Background: Symptomatic control and occasionally even tumor regression of functional neuroendocrine tumors (NET) of the gastroenteropancreatic (GEP) system can be achieved by somatostatin analogues. Assuming a dose-dependent antiproliferative effect of somatostatin analogues, we performed a study with the somatostatin analogue lanreotide in ultra-high dosages in patients with progressive, metastatic GEP NET.
Patients and methods: 30 patients with metastatic GEP NET, progressive during treatment with somatostatin analogues (< or =1.5 mg/day) and/or interferon-alpha, underwent ultra-high-dose lanreotide therapy (5 mg lanreotide s.c. three times a day). Tumor growth was evaluated every 3 months. Serum chromogranin A, serum serotonin as well as urinary 5-hydroxyindoleacetic acetic acid levels were also determined at 3-month intervals. In patients with functional tumors, tumor-related symptoms were documented.

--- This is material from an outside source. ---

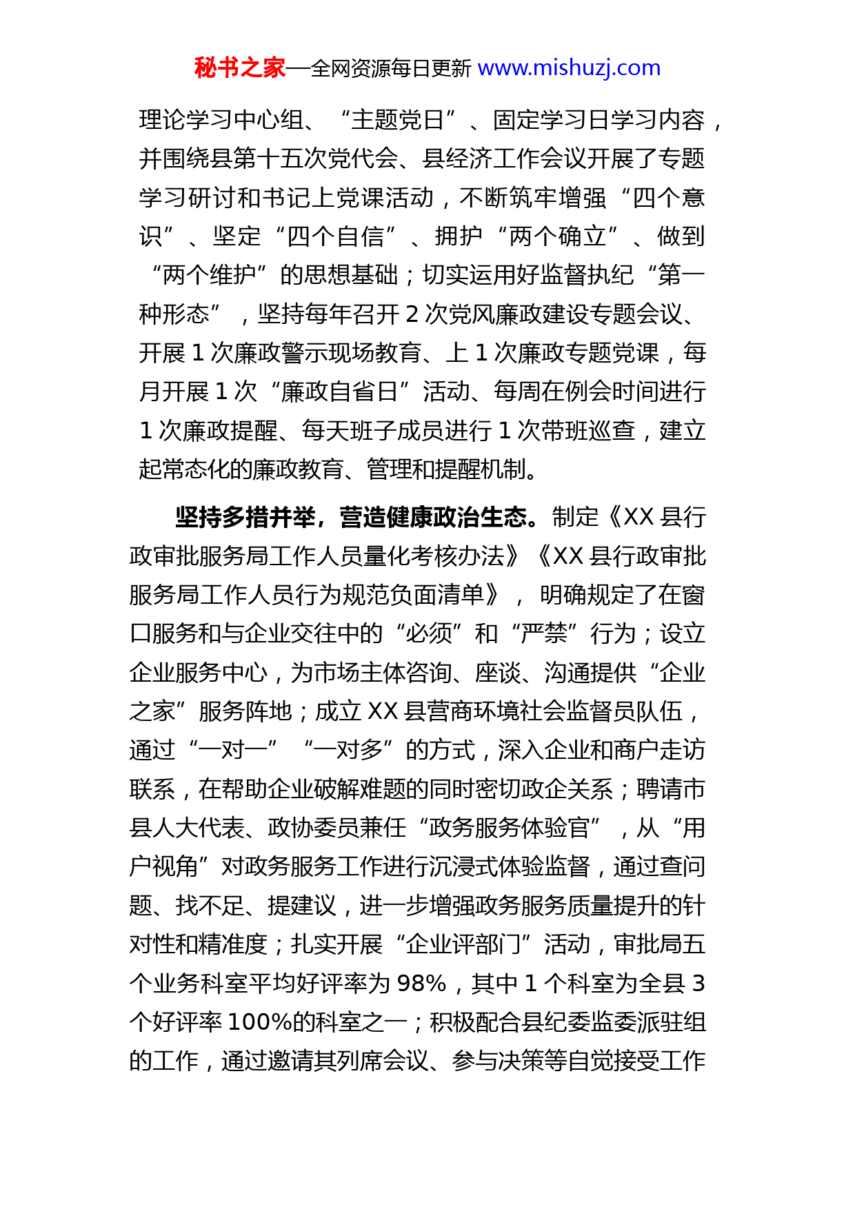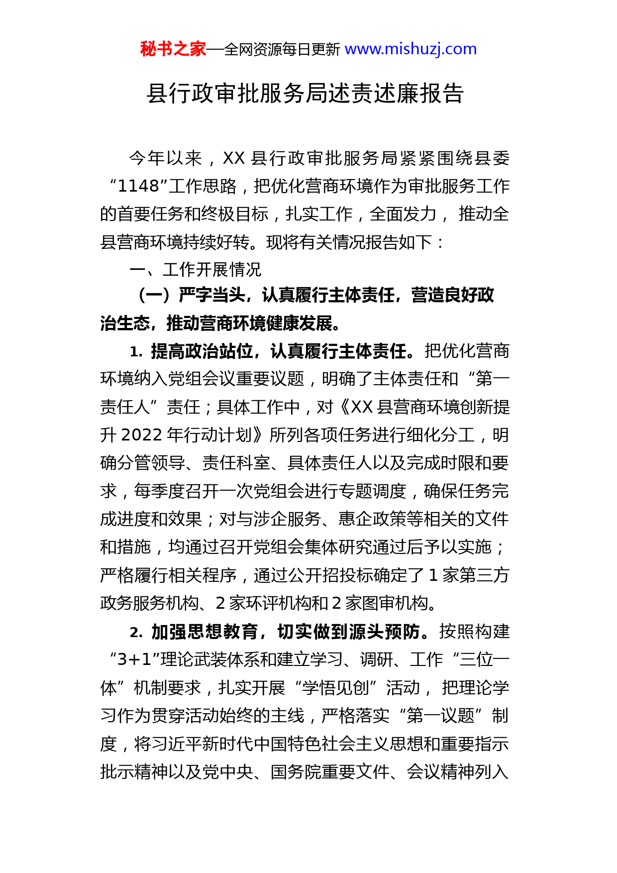 秘书之家—全网资源每日更新www.mishuzj.com县行政审批服务局述责述廉报告今年以来,XX县行政审批服务局紧紧围绕县委“1148”工作思路,把优化营商环境作为审批服务工作的首要任务和终极目标,扎实工作,全面发力,推动全县营商环境持续好转。现将有关情况报告如下:一、工作开展情况(一)严字当头,认真履行主体责任,营造良好政治生态,推动营商环境健康发展。1.提高政治站位,认真履行主体责任。把优化营商环境纳入党组会议重要议题,明确了主体责任和“第一责任人”责任;具体工作中,对《XX县营商环境创新提升2022年行动计划》所列各项任务进行细化分工,明确分管领导、责任科室、具体责任人以及完成时限和要求,每季度召开一次党组会进行专题调度,确保任务完成进度和效果;对与涉企服务、惠企政策等相关的文件和措施,均通过召开党组会集体研究通过后予以实施;严格履行相关程序,通过公开招投标确定了1家第三方政务服务机构、2家环评机构和2家图审机构。2.加强思想教育,切实做到源头预防。按照构建“3+1”理论武装体系和建立学习、调研、工作“三位一体”机制要求,扎实开展“学悟见创”活动,把理论学习作为贯穿活动始终的主线,严格落实“第一议题”制度,将习近平新时代中国特色社会主义思想和重要指示批示精神以及党中央、国务院重要文件、会议精神列入秘书之家—全网资源每日更新www.mishuzj.com理论学习中心组、“主题党日”、固定学习日学习内容,并围绕县第十五次党代会、县经济工作会议开展了专题学习研讨和书记上党课活动,不断筑牢增强“四个意识”、坚定“四个自信”、拥护“两个确立”、做到“两个维护”的思想基础;切实运用好监督执纪“第一种形态”,坚持每年召开2次党风廉政建设专题会议、开展1次廉政警示现场教育、上1次廉政专题党课,每月开展1次“廉政自省日”活动、每周在例会时间进行1次廉政提醒、每天班子成员进行1次带班巡查,建立起常态化的廉政教育、管理和提醒机制。坚持多措并举,营造健康政治生态。制定《XX县行政审批服务局工作人员量化考核办法》《XX县行政审批服务局工作人员行为规范负面清单》,明确规定了在窗口服务和与企业交往中的“必须”和“严禁”行为;设立企业服务中心,为市场主体咨询、座谈、沟通提供“企业之家”服务阵地;成立XX县营商环境社会监督员队伍,通过“一对一”“一对多”的方式,深入企业和商户走访联系,在帮助企业破解难题的同时密切政企关系;聘请市县人大代表、政协委员兼任“政务服务体验官”,从“用户视角”对政务服务工作进行沉浸式体验监督,通过查问题、找不足、提建议,进一步增强政务服务质量提升的针对性和精准度;扎实开展“企业评部门”活动,审批局五个业务科室平均好评率为98%,其中1个科室为全县3个好评率100%的科室之一;积极配合县纪委监委派驻组的工作,通过邀请其列席会议、参与决策等自觉接受工作秘书之家—全网资源每日更新www.mishuzj.com指导和监督。3.强化廉洁自律,构建新型政商关系。理清政商交往边界,积极发挥“关键少数”作用,不断增强应对“糖衣炮弹”的防御力,把“亲而有度、清而有为”作为与企业打交道的行为准则,自觉遵守政治、组织、廉洁、群众、工作、生活六大纪律以及《临沂市领导干部“八小时之外”活动监督管理办法》,做到一心为企、两袖清风,坚守纪法底线,保持关系清白,积极构建“亲清”政商关系和亲商、扶商的良好氛围。(二)细处着眼,落实各项改革举措,助力企业健康发展,促进营商环境持续优化。一是在企业开办领域。对印章刻制、税控设备发放、双向寄递等事项提供免费服务,实现企业开办“零费用”;打造“企业开办”一件事服务,将设立登记、印章刻制、社保登记、银行开户等8个事项合并为一个环节办理,实现开办企业常态化0.5个工作日办结,压缩办事环节87.5%,精简办事材料90%,办理用时减少83%;在全市率先实施企业信用修复适用“简易注销”改革,将涉及部门和环节由5个压缩至1个,申请材料从11份压缩至2份,大大提升了市场主体注销便利化水平,典型经验在市委改革办公众号刊发推广;成功争取市场主体住所(经营场所)标准化登记省级改革试点,有效杜绝了虚假登记、通过登记地址无法联系等问题,提高了登记注册质量。二是在政务服务领域。建立审批事项“零基础”模板秘书之家—全网资源每日更新www.mishuzj.com和服务指南,推动审批程序公开透明;创新实行“每日一题、每周一案、每月一法、每季一考”普法学习模式,持续提升工作人员依法审批意识和水平;依法做好上级下放权限承接和“市县同权”改革工作,建立“县级一口受理、市级后台审批、县级统一发证”的全程在线审批新模式,实现企业群众办事“大事不出县”;推行独任审批师制度,变“多层审查”为“扁平式”一人审批,做到“简易事极简办”;畅通吐槽找茬、好差评、“办不成事”窗口、12345热线等意见建议反馈渠道,自觉接受群众和社会监督;开展企业全生命周期服务改革,强化审管联动,实现审批事项闭环管理;提升改造县、镇、村三级便民服务场所,打造“1530政务服务圈”,方便企业群众“就近办”;完成“爱山东”政务服务平台省级试点,建立“网上中介”超市,成立县镇两级政务服务“智能云客服”队

Results: After a 1-year treatment period with ultra-high-dose lanreotide, 1 complete and 1 partial remission were observed in patients with functional midgut NET. Eleven patients had stable disease and 11 patients showed continuing tumor growth after 3-12 months of treatment. Symptoms decreased significantly during therapy.
Conclusions: Our data show that ultra-high-dose lanreotide treatment in patients with metastatic GEP NET can lead to control of both symptoms and proliferation in at least some patients refractory to conventional therapies.